От автора
Что написать о себе? Я прожил довольно рядовую жизнь. Были в ней радости и горести, любовь и дружба, симпатии и антипатии, обретения и утраты — стоит ли вдаваться в подробности? Тем более, что стихи мои если и не исповедальные, то «дневниковые», и в них все это в той или иной степени запечатлено. Насколько убедительно — судить не мне. И, тем не менее, вот мои некоторые «анкетные данные»: я коренной ростовчанин, в свое время окончил романо-германское отделение Ростовского государственного университета, по воле случая стал преподавать латынь в ростовском мединституте. Полагал, что временно, а проработал там, почитай, всю жизнь, о чем, впрочем, нисколько не жалею — профессия моя оказалась максимально удаленной от тошнотворной государственной идеологии, так что в этом смысле мне явно повезло. (Я и вообще-то человек на редкость везучий).
Первая подборка моих стихов появилась в 1966 году в «Новом мире». Это считалось тогда неким, пусть и иллюзорным, «знаком качества», так что с той поры и другие солидные журналы, как правило, относились к моим писаниям благосклонно.

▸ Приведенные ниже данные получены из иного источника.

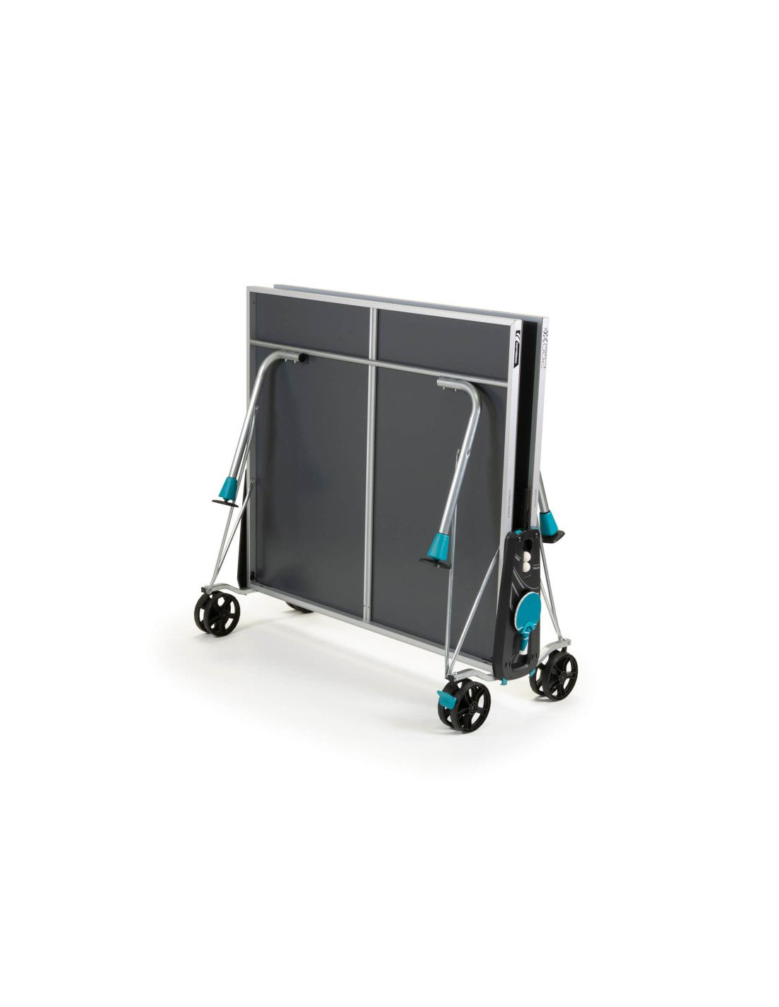DUŻE KOŁA Z HAMULCAMI: Stoły ping pongowe Cornilleau posiadają duże podwójne koła o grubości 32 mm i średnicy 200 mm. Takie rozwiązanie zwiększa toczenie kół oraz stabilność stołu. Większe koło z łatwością wtoczy się przez duże przeszkody takie jak schody, progi kamienie. Łatwiej pokonuje gęstą trawę i inne nierówności, z kolei dwa hamulce zapewniają doskonałą stabilność i bezpieczeństwo podczas gry. Jest to także szczególnie przydatne gdy stół jest przechowywany na lekko nierównej powierzchni.

В 1968 году в «Ростиздате» вышла первая моя книжка. Теперь их, не считая переводных, двенадцать. И все же профессиональным поэтом я себя не считал и не считаю. Стихи мои — более или менее квалифицированный дилетантизм. Констатирую это без тени лукавства. Да и может ли всерьез считать себя поэтом современник Тарковского, Самойлова, Кушнера, Чухонцева, Левитанского, Слуцкого, Соколова, Липкина, Лиснянской (я мог бы назвать еще немало первоклассных поэтов)? А уж явление Иосифа Бродского — подлинная «школа смирения».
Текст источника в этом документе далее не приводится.